Lors de sa nouvelle allocution à propos de l'invasion russe en Ukraine mercredi soir, Emmanuel Macron a dénoncé une guerre "nourrie d'une lecture révisionniste de l'Histoire de l'Europe". "La Russie n'est pas agressée, elle est l'agresseur", a déclaré le chef de l'État.
Des propos qui ont rapidement fait réagir Moscou, par le biais du ministre des Affaires étrangères Sergueï Lavrov, qui a notamment accusé le président français de censurer une journaliste, sur la question des tirs de l'armée ukrainienne sur la population civile dans le Donbass, en pleine invasion russe en Ukraine.
"Le président Macron s'est exprimé et il a dit qu'il ne fallait pas accuser Zelensky (le président ukrainien, ndlr) mais une journaliste française lui a répondu. Elle, qui s'est rendue au Donbass, a publié ses observations des pilonnages des écoles, de meurtres de deux femmes qui travaillaient dans ces écoles et a appelé les Occidentaux à regarder la vérité en face. Elle n'a pas eu le droit de faire sa publication", a-t-il ainsi estimé à l'occasion d'une conférence de presse.
Dans le Donbass, une guerre qui dure depuis 8 ans
Cette sortie du chef de la diplomatie russe fait référence à l'intervention, sur la chaîne CNews, d'Anne-Laure Bonnel, qui couvre le conflit dans le Donbass, en cours depuis 2014. Cette dernière explique que dans cette région, "les bombardements sont Ukrainiens", et visent notamment les civils.
Patrick Sauce, éditorialiste spécialiste de la politique internationale chez BFMTV explique qu'"on a oublié que la guerre dure depuis 2014 et dans une guerre, il faut être deux". "Dans le Donbass, la population se retrouve en étau entre les tirs des séparatistes pro-russes et les tirs de l'armée ukrainienne.

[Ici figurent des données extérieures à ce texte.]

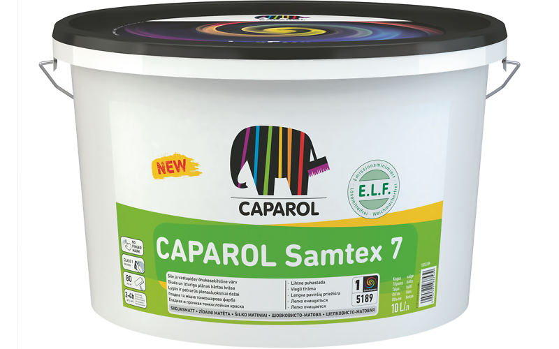 CAPAROL Samtex 7 tonuojami ColorExpress spalvinimo mašinomis pagal Caparol spalvynus. Prieš dengiant, būtina patikrinti, ar produktas tonuotas tikrai norima spalva.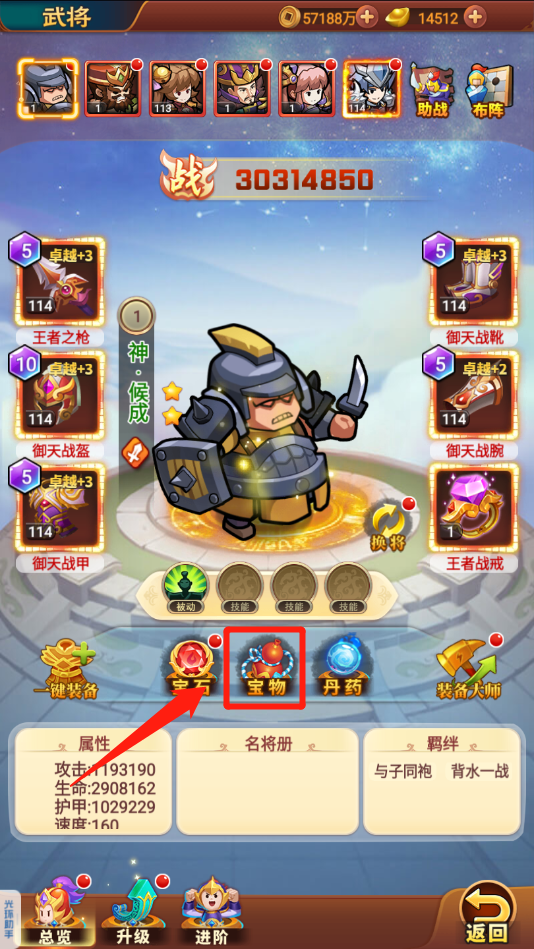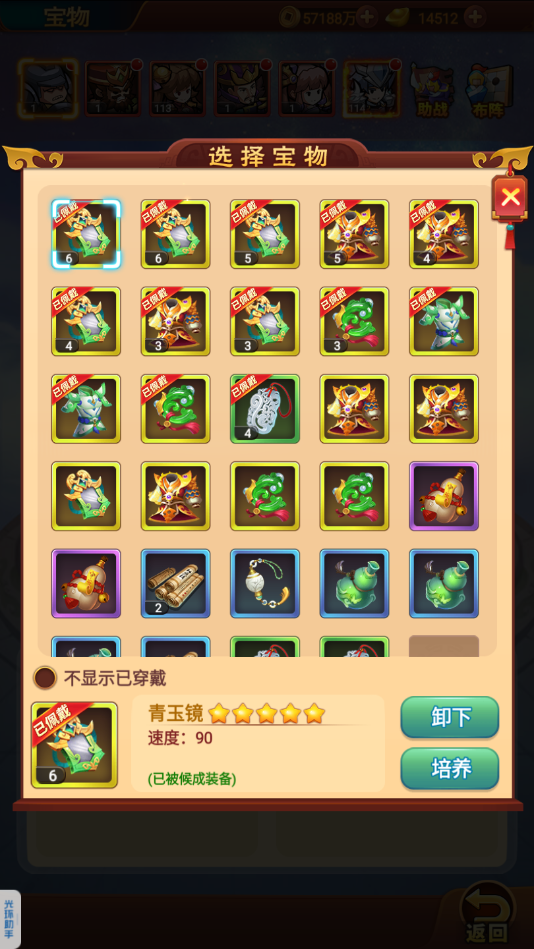 (2)输出武将:一般的普通玩家和小氪玩家都是主力培养一个输出武将的,因此输出类型的宝物都要优先给主武将。那么暴击几率、攻击力百分比就是最重要的,也可以配置一定数量的速度宝物来增加出手速度,不用配置的太高,根据情况而定。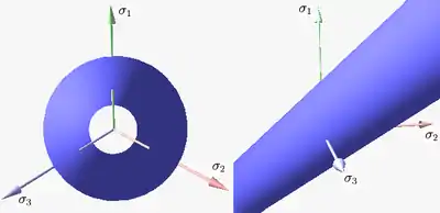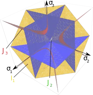The plane is also called the Rendulic plane. The angle is called stress angle, the value is sometimes called the Lode parameter[4][5][6] and the relation between and was first given by Novozhilov V.V. in 1951,[7] see also [8]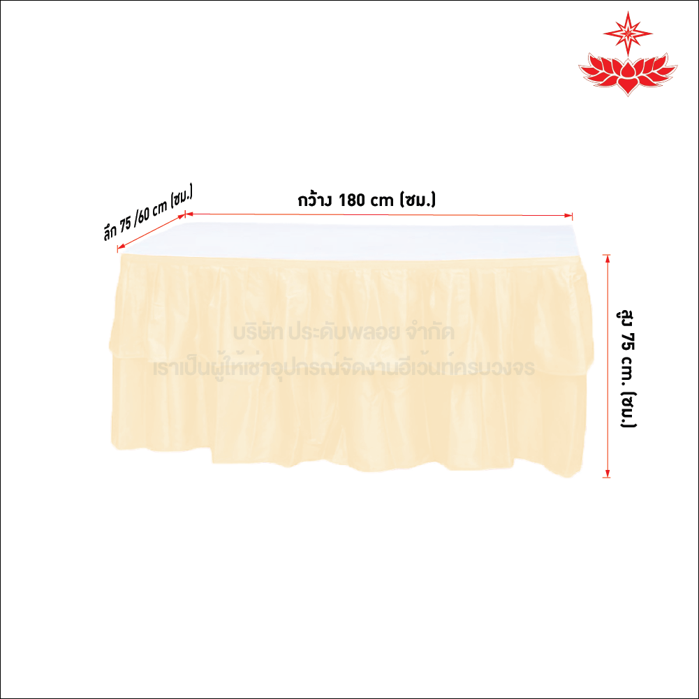 หากคุณกำลังเตรียมงานและต้องการ โต๊ะหน้าขาว 1.8x0.75/1.8x0.60 เมตร คลุมผ้าจีบสีครีม ที่เชื่อถือได้ มีคุณภาพ และราคายุติธรรม ติดต่อเราได้ทันที ทีมงานของเราพร้อมให้คำปรึกษาและบริการอย่างมืออาชีพทุกขั้นตอน เพื่อให้งานของคุณเป็นไปอย่างราบรื่นและปลอดภัย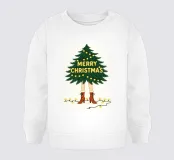 Divertente arte natalizia di una donna che indossa stivali da Babbo Natale e cerca di montare un albero di Natale. Le luci fiabesche cadono a terra mentre lei indossa l'albero di Natale.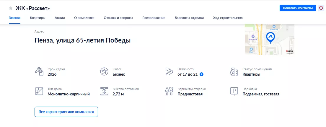5. Жилой комплекс «Рассвет». Диапазон - от 99 800 ₽/м².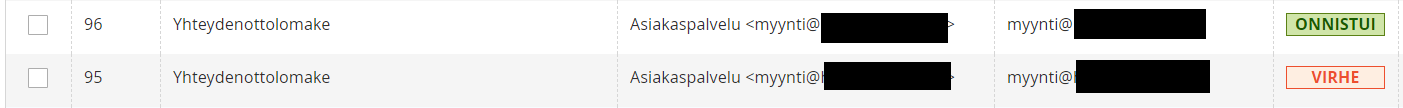 Mikäli sähköpostin lähetys asiakkaalle on onnistunut, on kyseisen rivin perässä Onnistui ja mikäli ei ole onnistunut niin rivin perässä lukee Virhe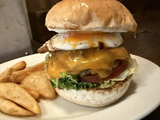 パリッとしたバンズとジューシーなパティ。かなり美味いです。肉汁、玉子の黄身、チーズもソースの役割を果たして全体をまとめています。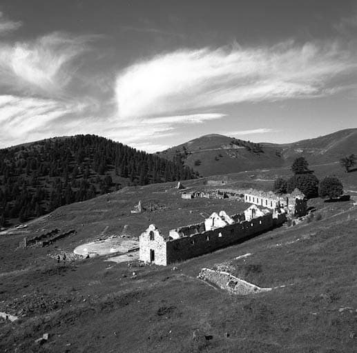 Dessus pris du bloc 5 vers le sud-ouest. Au premier plan, ruines de l'ancien casernement (de gauche à droite, bâtiments T6, 02, T5). Au fond, de gauche à droite, sommets et ouvrage de la Forca et Millefourches.

Donc, c'est un fait, les Ukrainiens tirent depuis huit ans sur des civils", rappelle-t-il.
Le correspondant du Monde en Russie, Benoît Vitkine, a lui-même réagi sur Twitter après la diffusion de cette séquence. "Cette guerre a été fomentée sciemment par la Russie, sur la base d'inquiétudes réelles des populations du Donbass après Maïdan. Les premières armes (= la guerre) sont apparues dans les mains d’agents russes en avril 2014. L’armée russe est intervenue directement en soutien des séparatistes à l’été 2014 et à l’hiver 2015", rappelle-t-il.
"Depuis, il y a des bombardements des deux côtés. Les civils souffrent et meurent des deux côtés. Probablement un peu plus coté séparatiste, plus urbanisé. On en parle moins en ce moment parce qu’une guerre d'une toute autre ampleur a été déclenchée, le focus a changé", a-t-il écrit.
Pour Benoît Vitkine, il n'y a donc pas de raison de douter de la parole d'Anne-Laure Bonnel, qui parle de tirs et bombardements ukrainiens sur des civils, dans le Donbass.
Une vision pro-séparatiste
Toutefois, Benoït Vitkine et Patrick Sauce regrettent la vision de la reporter, qui "a été instrumentalisée", notamment sur des sites complotistes, jusqu'à faire réagir le Kremlin.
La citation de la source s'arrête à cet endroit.